Stored data:
Content starts
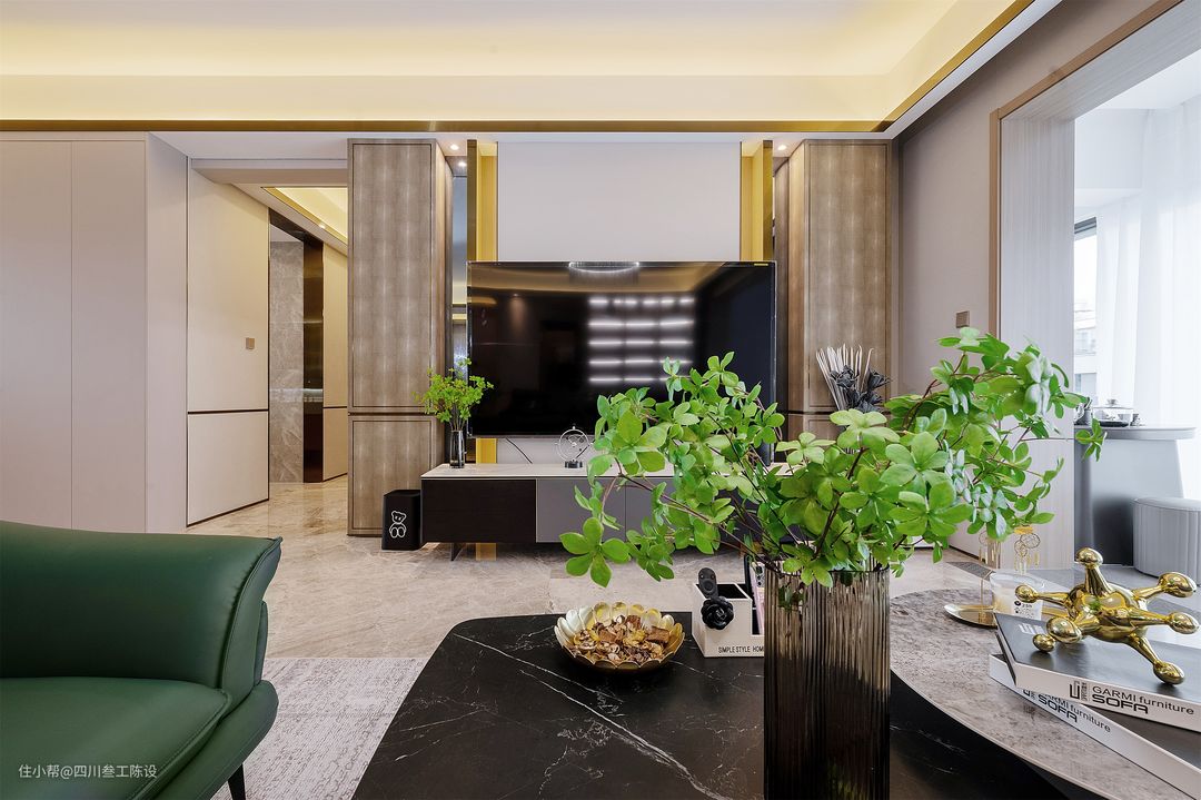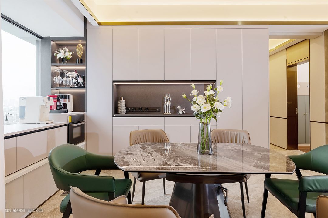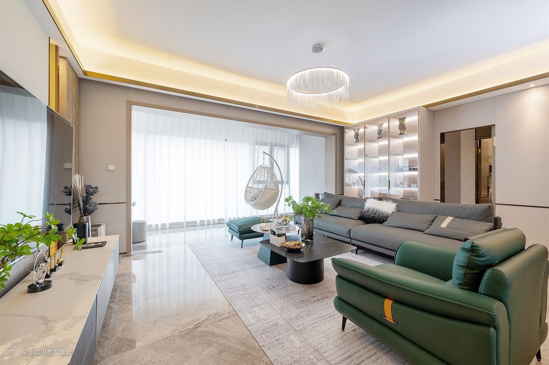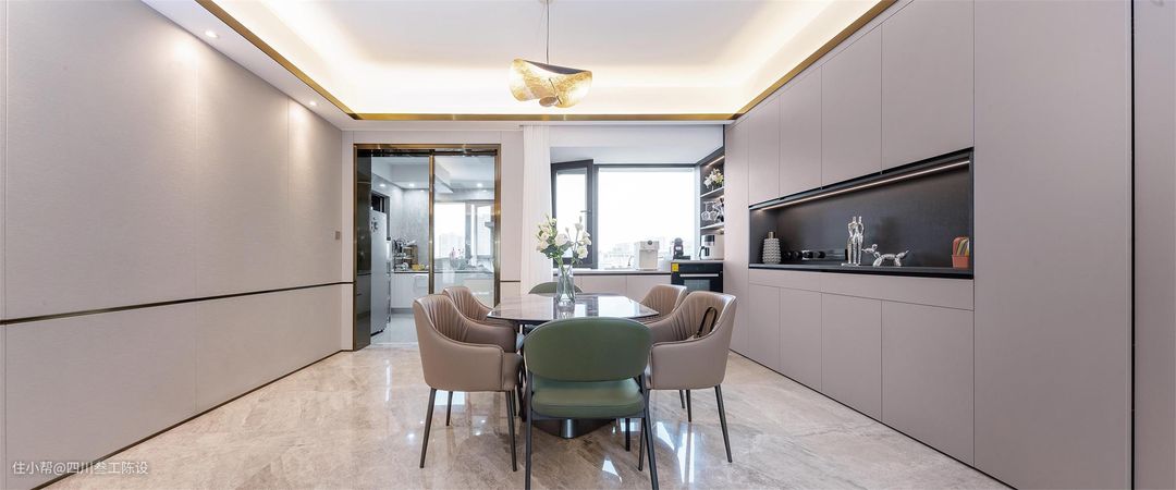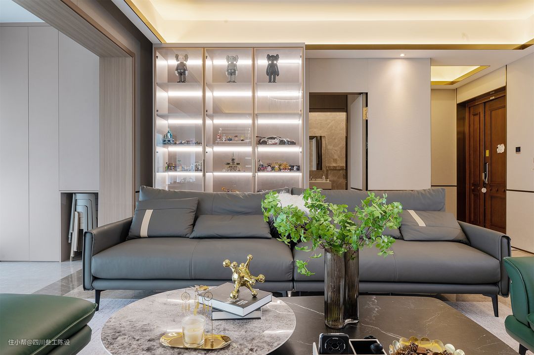 沙发围合式布局,浅灰色地毯上摆放一字型深灰色皮质沙发和橄榄绿沙发椅,触感亲肤,颜色耐脏又方便清洁,柔软舒适的体感彰显生活品质。 茶几是现在常见的组合茶几,但材质上做了细节处理,采用两种不同的岩板,用亮面与哑光,圆形与方形,深色与浅色的对比进行了碰撞和融合,更彰显户主的品味。 沙发后面有房间,户型原因导致没法做沙发墙,但设计师不愿浪费一丝空间,将沙发后的墙面安装了一个顶天立地的定制陈列柜,透明柜门既方便展示有不会落灰。 每格上方都装有灯带和柜门的的金属框相呼应,处处彰显格调和轻奢感,空间显得更加的精致有质感。
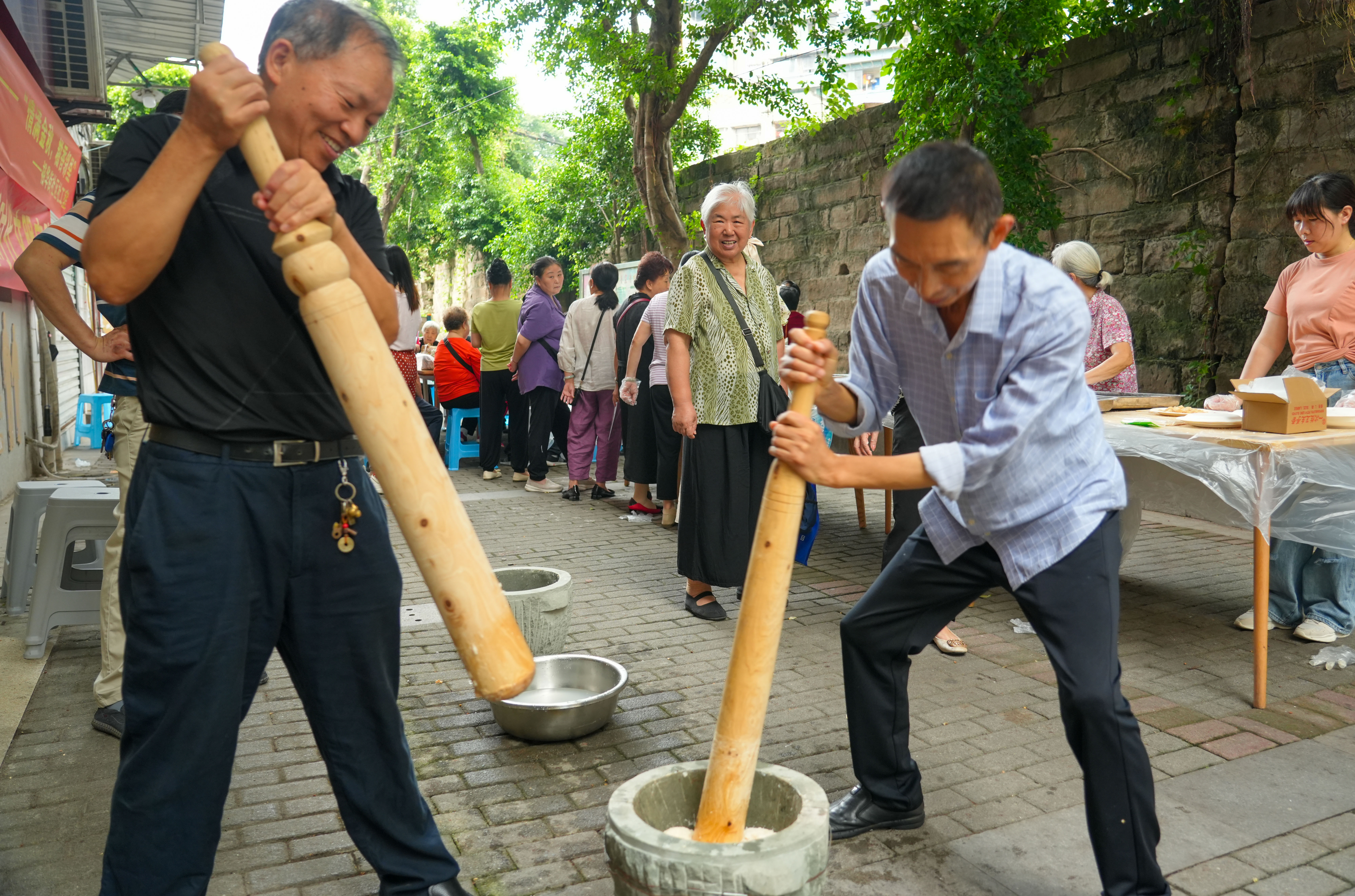 当天下午,在糍粑手工制作区,居民们自发组成“生产流水线”,默契协作。制作结束后,大家围坐在一起,品尝着亲手制作的美食,分享着生活中的趣事,交流着节日的习俗。社区还特别组织了志愿者将饱含全体居民祝福的热乎糍粑,以及节日问候一同送到社区独居、高龄老人家中。这份看似寻常的礼物,让老人们也深切感受到了节日的氛围和邻里的温暖。
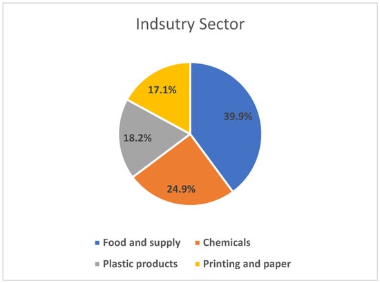 A non-probability (judgmental) sampling method was utilized to select participants. This strategy, as articulated by Malhotra [], enables researchers to intentionally select participants based on their expertise, experience, and pertinence to the study objectives. A probability sampling approach was deemed unfeasible for this study due to the absence of a comprehensive and publicly accessible database of supply chain professionals across Jordanian manufacturing firms, as well as practical constraints related to time, cost, and access limitations in the field. Instead, we employed judgmental (expert) sampling, a common approach in organizational and supply chain research when targeting informants with specific domain knowledge [,]. Respondents were selected based on their managerial roles in logistics, procurement, operations, or sustainability functions, ensuring that participants possessed the knowledge required to provide informed responses related to supply chain adaptability, agility, and green innovation. The firms represented spanned key sectors including food, chemicals, plastics, and printing accounting for the majority of Jordan’s industrial activity. This sampling strategy enhances the reliability of the findings while reflecting the study’s practical research context [,].
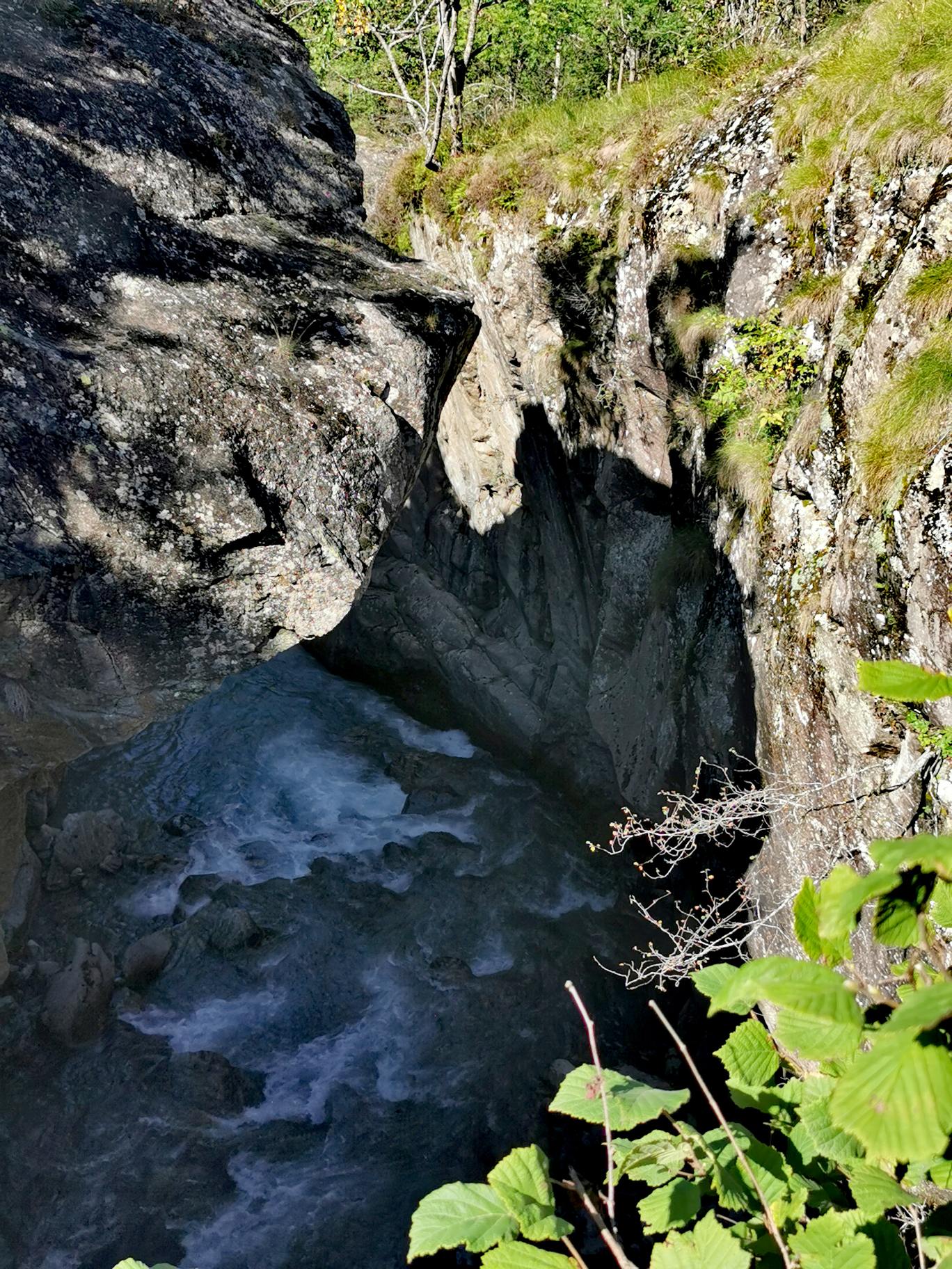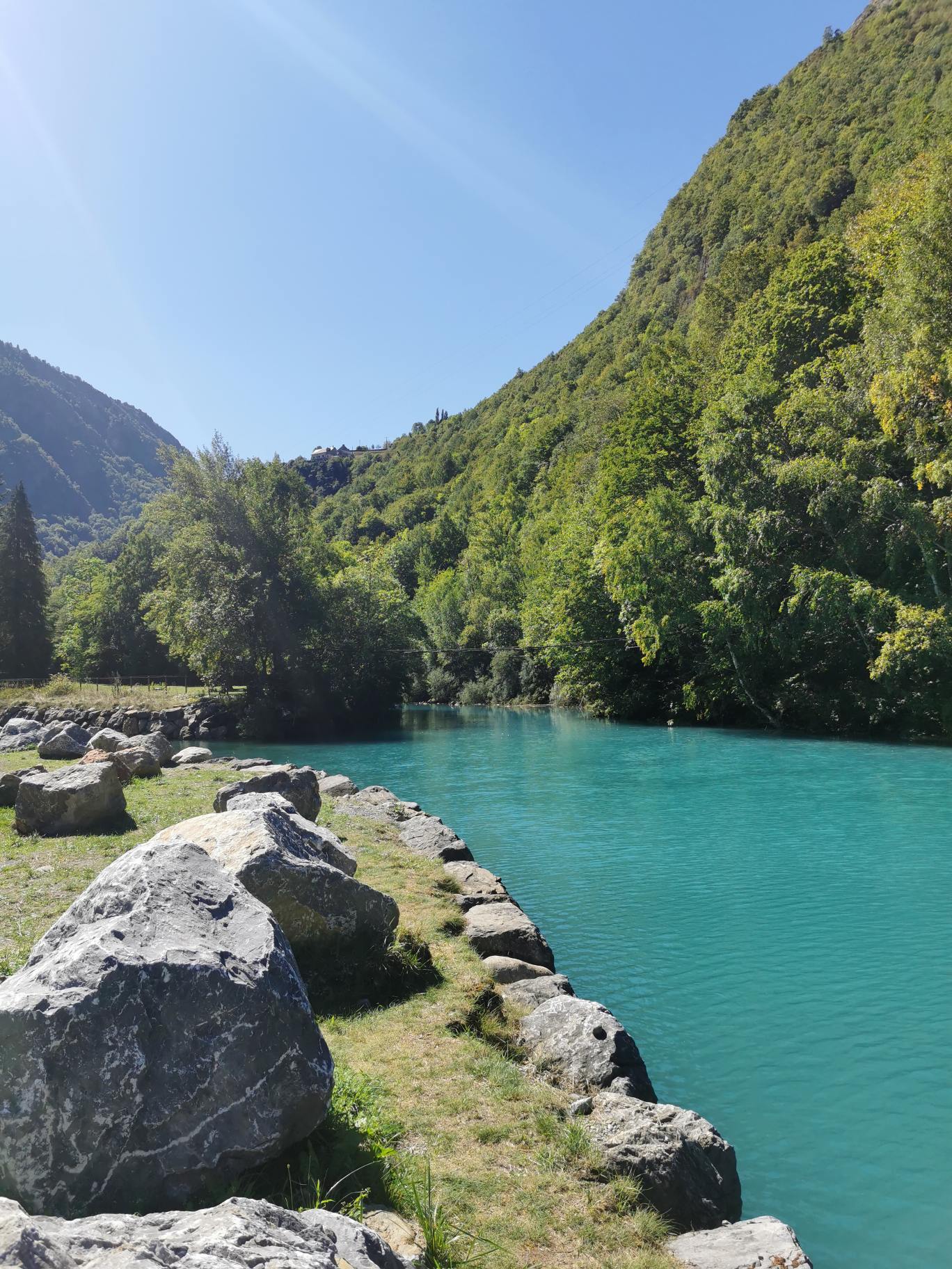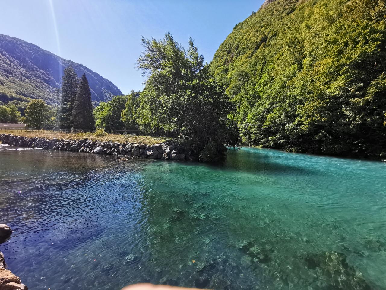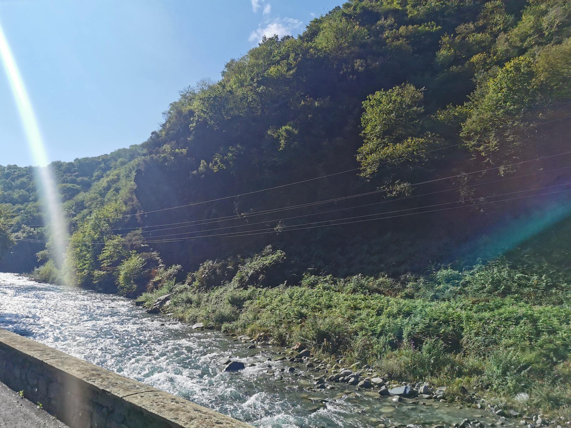 Af en toe een huisje tegen de berg, of een klein dorpje. Een rivier die af en toe vriendelijk glinsterend naast je kabbelt, maar een eind verderop woest doorheen een diepe kloof gaat. Bergtoppen gehuld in mist, en zonverlichte bergtoppen, brugjes, groen en intimiderende rotswanden. En dan ineens is de rivier groen. En blauwig. En turquoise. Hoe ongelooflijk mooi is dat! Wat een onverwacht kadootje. Ik maak, uiteraard, een hoop foto’s. De kleuren zijn echt zo. Ik heb de foto’s niet bewerkt. Had ik al gezegd dat het hier prachtig is?
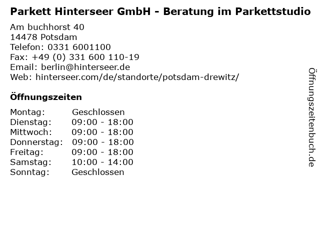 2 Parkett und Bodenverlegung Detlef Meffert (Entfernung: 1,17 km) Käthe-Kollwitz-Str. 15, 14478 Potsdam 4 Kerana GmbH - Fliesenfachmarkt / Fliesenausstellung, Parkett, Laminat, Vinyl (Entfernung: 2,34 km) Wetzlarer Straße 40, 14482 Potsdam 6 |
Content ends
Task item:
The reply should contain all of the data above, word for word, with no pictures.

Exercise response:
 沙发围合式布局,浅灰色地毯上摆放一字型深灰色皮质沙发和橄榄绿沙发椅,触感亲肤,颜色耐脏又方便清洁,柔软舒适的体感彰显生活品质。 茶几是现在常见的组合茶几,但材质上做了细节处理,采用两种不同的岩板,用亮面与哑光,圆形与方形,深色与浅色的对比进行了碰撞和融合,更彰显户主的品味。 沙发后面有房间,户型原因导致没法做沙发墙,但设计师不愿浪费一丝空间,将沙发后的墙面安装了一个顶天立地的定制陈列柜,透明柜门既方便展示有不会落灰。 每格上方都装有灯带和柜门的的金属框相呼应,处处彰显格调和轻奢感,空间显得更加的精致有质感。
 当天下午,在糍粑手工制作区,居民们自发组成“生产流水线”,默契协作。制作结束后,大家围坐在一起,品尝着亲手制作的美食,分享着生活中的趣事,交流着节日的习俗。社区还特别组织了志愿者将饱含全体居民祝福的热乎糍粑,以及节日问候一同送到社区独居、高龄老人家中。这份看似寻常的礼物,让老人们也深切感受到了节日的氛围和邻里的温暖。
 A non-probability (judgmental) sampling method was utilized to select participants. This strategy, as articulated by Malhotra [], enables researchers to intentionally select participants based on their expertise, experience, and pertinence to the study objectives. A probability sampling approach was deemed unfeasible for this study due to the absence of a comprehensive and publicly accessible database of supply chain professionals across Jordanian manufacturing firms, as well as practical constraints related to time, cost, and access limitations in the field. Instead, we employed judgmental (expert) sampling, a common approach in organizational and supply chain research when targeting informants with specific domain knowledge [,]. Respondents were selected based on their managerial roles in logistics, procurement, operations, or sustainability functions, ensuring that participants possessed the knowledge required to provide informed responses related to supply chain adaptability, agility, and green innovation. The firms represented spanned key sectors including food, chemicals, plastics, and printing accounting for the majority of Jordan’s industrial activity. This sampling strategy enhances the reliability of the findings while reflecting the study’s practical research context [,].
 Af en toe een huisje tegen de berg, of een klein dorpje. Een rivier die af en toe vriendelijk glinsterend naast je kabbelt, maar een eind verderop woest doorheen een diepe kloof gaat. Bergtoppen gehuld in mist, en zonverlichte bergtoppen, brugjes, groen en intimiderende rotswanden. En dan ineens is de rivier groen. En blauwig. En turquoise. Hoe ongelooflijk mooi is dat! Wat een onverwacht kadootje. Ik maak, uiteraard, een hoop foto’s. De kleuren zijn echt zo. Ik heb de foto’s niet bewerkt. Had ik al gezegd dat het hier prachtig is?
 2 Parkett und Bodenverlegung Detlef Meffert (Entfernung: 1,17 km) Käthe-Kollwitz-Str. 15, 14478 Potsdam 4 Kerana GmbH - Fliesenfachmarkt / Fliesenausstellung, Parkett, Laminat, Vinyl (Entfernung: 2,34 km) Wetzlarer Straße 40, 14482 Potsdam 6 |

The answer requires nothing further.